- Born: Jacobina Kemp 1876 Bellahouston, Glasgow
- Died: 1966 (aged 89–90) Eastbourne, England
- Education: Academie Julian
- Known for: Painting

= Jeka Kemp =

British artist (1876–1966)

Jacobina Kemp (1876–1966), known as Jeka Kemp, was a Scottish artist who was known for her woodcut and watercolour paintings of European landscapes and street scenes.

==Biography==
Kemp was born in the Bellahouston district of Glasgow and appears to have been largely self-taught as an artist but may have taken lessons in London before spending 1903 and 1904 in Paris where she attended the Academie Julian. After leaving Paris, Kemp travelled widely and spent time in the Netherlands, Italy and north Africa. She showed some landscape paintings of France at a group show in Glasgow in 1907 and subsequently exhibited with the Glasgow Society of Lady Artists, the Royal Glasgow Institute of the Fine Arts and the Royal Scottish Academy. She often painted figures on beaches and interior scenes bathed in light, particularly from the south of France. From 1912 to 1914 Kemp had a number of solo exhibitions at Macindoe's Gallery in Glasgow and also exhibited with the Société Nationale des Beaux-Arts in Paris from 1912 with a number of her works being purchased by the French government.
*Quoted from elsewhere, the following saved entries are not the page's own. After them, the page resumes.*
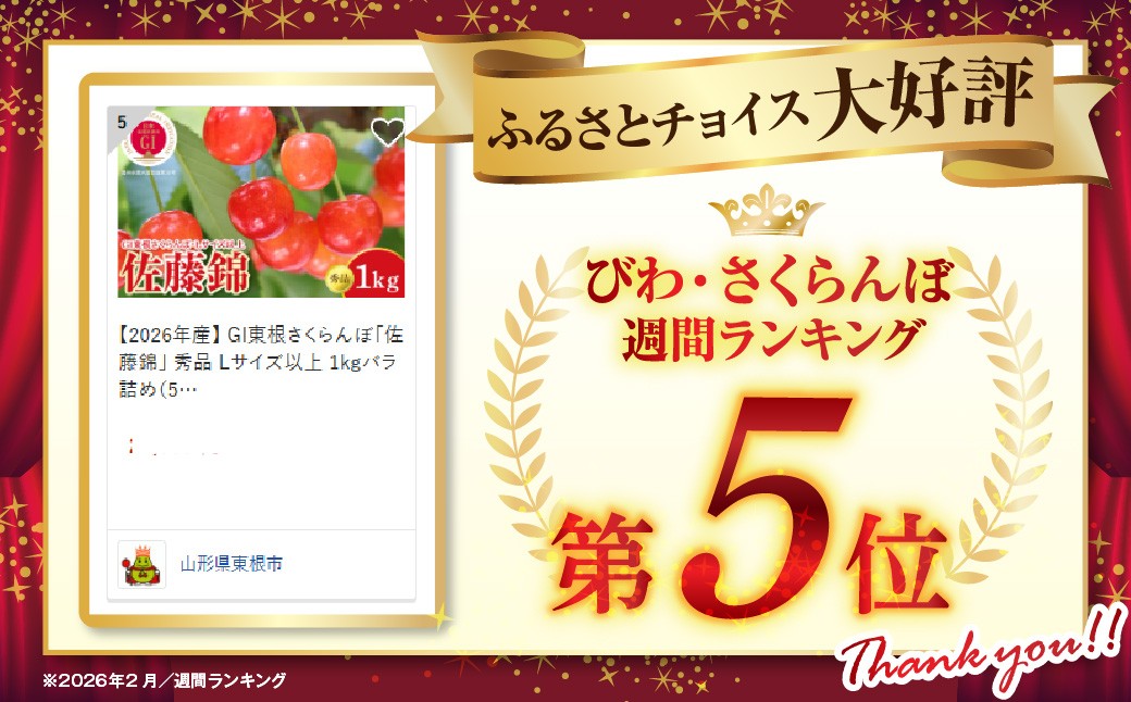 - 【2026年産】 GI東根さくらんぼ「佐藤錦」 秀品 Lサイズ以上 1kgバラ詰め(500g×2パック) 山形県 東根市 フルーツピッカー提供 hi097-014
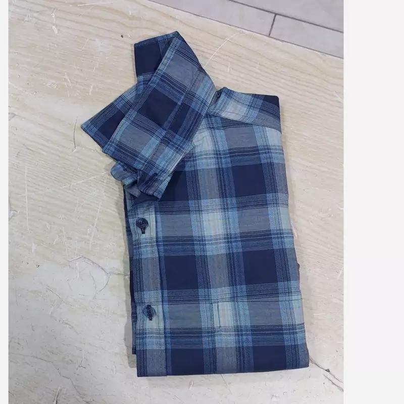 پیراهن مردانه چهارخانه آبی و سرمه ای
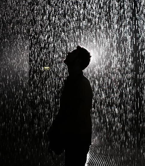Chàng trai buồn bã, ánh mắt mơ mộng chìm đắm dưới cơn mưa tối tăm
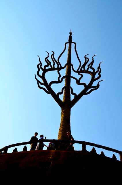 - Buddha Park’s sculptures are made of reinforced concrete, but be sure to exercise common sense — especially when climbing the “giant pumpkin” — as there is some unexposed rebar, and the railing at the top appeared precarious.
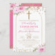 Arch Gold Pink Floral Girl First Holy Communion Invitation

Kemp worked in Paris hospitals as a nurse-masseuse throughout World War I. After the war she remained in France and had solo exhibitions at the Marcel Bernheim Gallery in Paris and at Warneuke's in Glasgow and also at the Galerie de la Libraire de la Presse in Nantes in 1922. Kemp gave up painting around 1927 and remained in France until 1939 when she returned to Britain to live with her sisters in Dorset and later Eastbourne. Retrospective exhibitions of her paintings in 1977 revived interest in Kemp.